- **Information shown**:
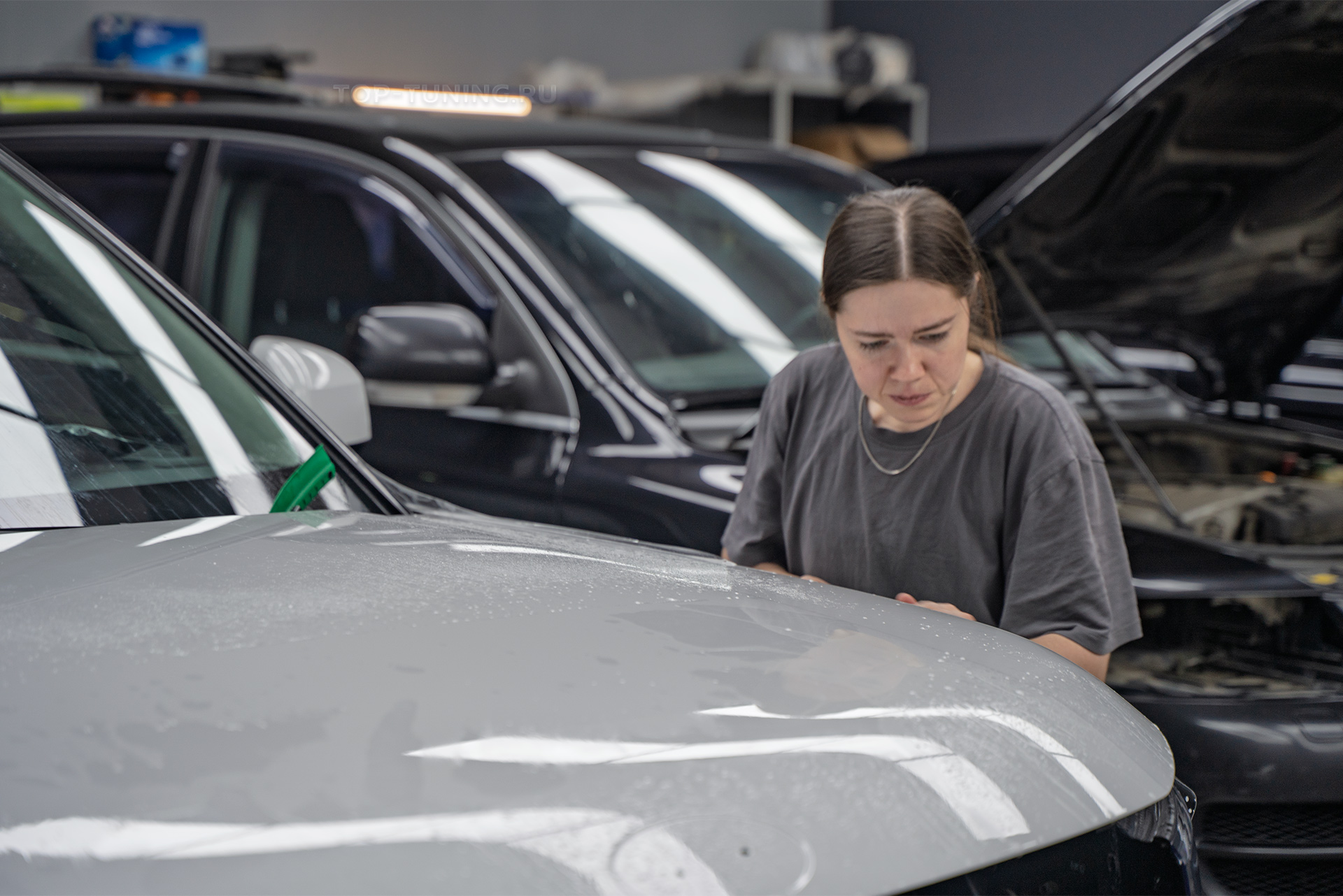 Совсем новый Hyundai Santa Fe V с минимальным пробегом поступил в стены установочного центра Топ Тюнинг. Владелец не хотел превращать первую зиму и весну в лотерею «поймаю камень — не поймаю». Российский климат, перепады температур, агрессивные реагенты и абразив с дорог быстро «съедают» даже свежий лак.
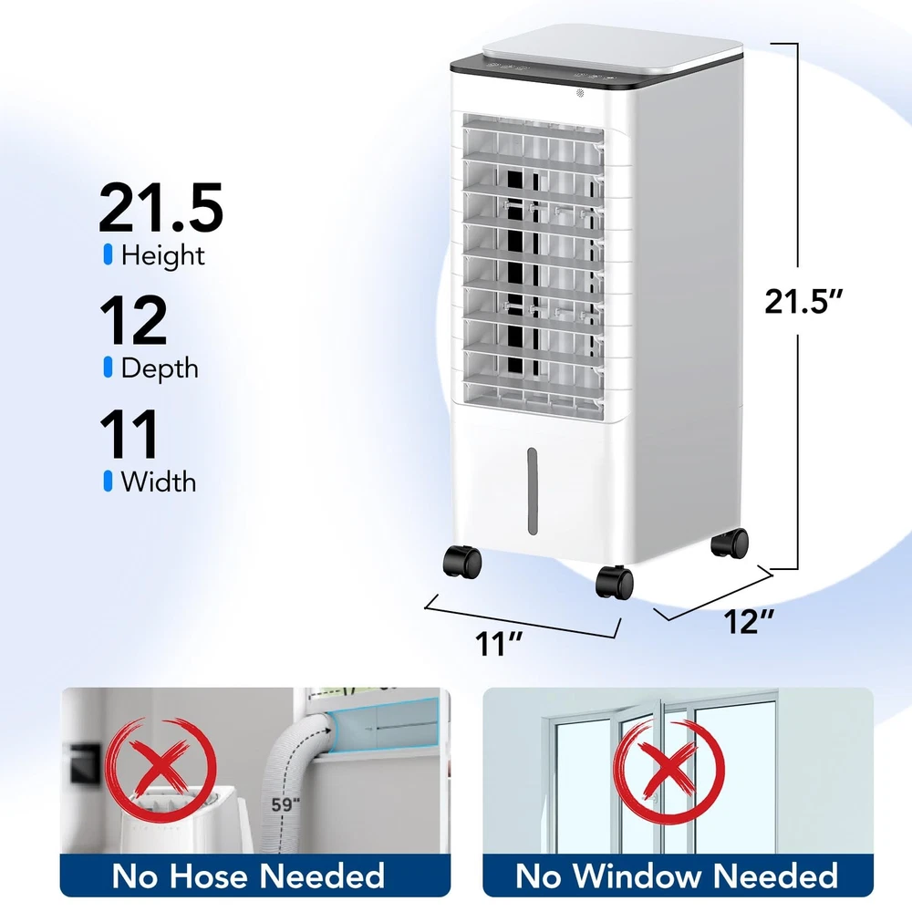 ๐๐ซ๐๐ฆ๐๐ญ๐ข๐ ๐๐๐ฆ๐ฉ๐๐ซ๐๐ญ๐ฎ๐ซ๐ ๐๐ซ๐จ๐ฉ:Experience rapid relief with our 2025-upgraded evaporative cooler. Advanced tech and efficient ducts lower temperatures by 36-45ยฐF (20-25ยฐC), instantly transforming water into powerful ice mist. High-density pads block hot outdoor air. ๐-๐ข๐ง-๐ ๐๐จ๐ฆ๐๐จ๐ซ๐ญ ๐๐จ๐ฅ๐ฎ๐ญ๐ข๐จ๐ง:Beat summer heat and dryness instantly! This portable unit combines air cooling, humidifying, and fan functions. Fill the tank for up to 4-6 hours of continuous cooling comfort (runtime varies), delivering instantly cooler air and soothing skin moisture. ๐๐ฎ๐ข๐๐ญ ๐๐ฅ๐๐๐ฉ & ๐๐ฎ๐ญ๐จ ๐๐ก๐ฎ๐ญ-๐๐๐: Enjoy undisturbed rest with whisper-quiet operation. Easily set the auto-off timer (1-12 hours) for perfect sleep without interruption. Simple controls make it ideal for everyone, including kids and seniors. ๐๐ข๐๐ ๐๐จ๐จ๐ฅ๐ข๐ง๐ ๐๐จ๐ง๐ & ๐๐๐ฆ๐จ๐ญ๐ ๐๐จ๐ง๐ญ๐ซ๐จ๐ฅ:Direct cool air precisely! The 45ยฐ horizontal swing creates a 100ยฐ cooling zone, while 120ยฐ vertical tilt optimizes airflow. Effortlessly adjust settings from anywhere in the room with the included 20ft range remote. ๐๐ ๐๐๐ง๐ค & ๐๐๐ ๐๐๐๐ค๐ฌ ๐๐จ๐ซ ๐๐ฑ๐ญ๐๐ง๐๐๐ ๐๐ก๐ข๐ฅ๐ฅ:Enjoy less refilling and more cooling! The extra-large 1.16-gallon tank provides up to 6 hours of continuous cool air. Turbo-charge the effect anytime using the 4 included reusable ice packs for an extra-arctic blast.
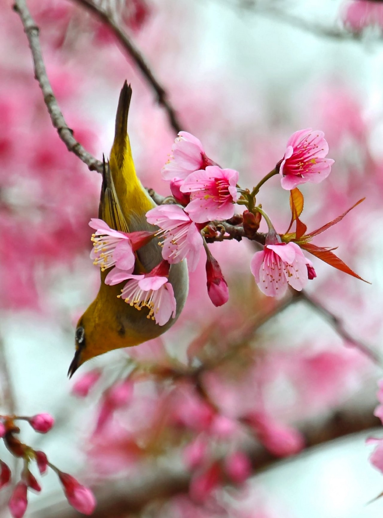| Những chú chim nhỏ trong sắc hồng của hoa đào Măng Đen. (ảnh Đinh Dũng) |

- **Task to complete**: An exact reproduction of the material is needed, without its images.

- **The answer**:
 Совсем новый Hyundai Santa Fe V с минимальным пробегом поступил в стены установочного центра Топ Тюнинг. Владелец не хотел превращать первую зиму и весну в лотерею «поймаю камень — не поймаю». Российский климат, перепады температур, агрессивные реагенты и абразив с дорог быстро «съедают» даже свежий лак.
 ๐๐ซ๐๐ฆ๐๐ญ๐ข๐ ๐๐๐ฆ๐ฉ๐๐ซ๐๐ญ๐ฎ๐ซ๐ ๐๐ซ๐จ๐ฉ:Experience rapid relief with our 2025-upgraded evaporative cooler. Advanced tech and efficient ducts lower temperatures by 36-45ยฐF (20-25ยฐC), instantly transforming water into powerful ice mist. High-density pads block hot outdoor air. ๐-๐ข๐ง-๐ ๐๐จ๐ฆ๐๐จ๐ซ๐ญ ๐๐จ๐ฅ๐ฎ๐ญ๐ข๐จ๐ง:Beat summer heat and dryness instantly! This portable unit combines air cooling, humidifying, and fan functions. Fill the tank for up to 4-6 hours of continuous cooling comfort (runtime varies), delivering instantly cooler air and soothing skin moisture. ๐๐ฎ๐ข๐๐ญ ๐๐ฅ๐๐๐ฉ & ๐๐ฎ๐ญ๐จ ๐๐ก๐ฎ๐ญ-๐๐๐: Enjoy undisturbed rest with whisper-quiet operation. Easily set the auto-off timer (1-12 hours) for perfect sleep without interruption. Simple controls make it ideal for everyone, including kids and seniors. ๐๐ข๐๐ ๐๐จ๐จ๐ฅ๐ข๐ง๐ ๐๐จ๐ง๐ & ๐๐๐ฆ๐จ๐ญ๐ ๐๐จ๐ง๐ญ๐ซ๐จ๐ฅ:Direct cool air precisely! The 45ยฐ horizontal swing creates a 100ยฐ cooling zone, while 120ยฐ vertical tilt optimizes airflow. Effortlessly adjust settings from anywhere in the room with the included 20ft range remote. ๐๐ ๐๐๐ง๐ค & ๐๐๐ ๐๐๐๐ค๐ฌ ๐๐จ๐ซ ๐๐ฑ๐ญ๐๐ง๐๐๐ ๐๐ก๐ข๐ฅ๐ฅ:Enjoy less refilling and more cooling! The extra-large 1.16-gallon tank provides up to 6 hours of continuous cool air. Turbo-charge the effect anytime using the 4 included reusable ice packs for an extra-arctic blast.
| Những chú chim nhỏ trong sắc hồng của hoa đào Măng Đen. (ảnh Đinh Dũng) |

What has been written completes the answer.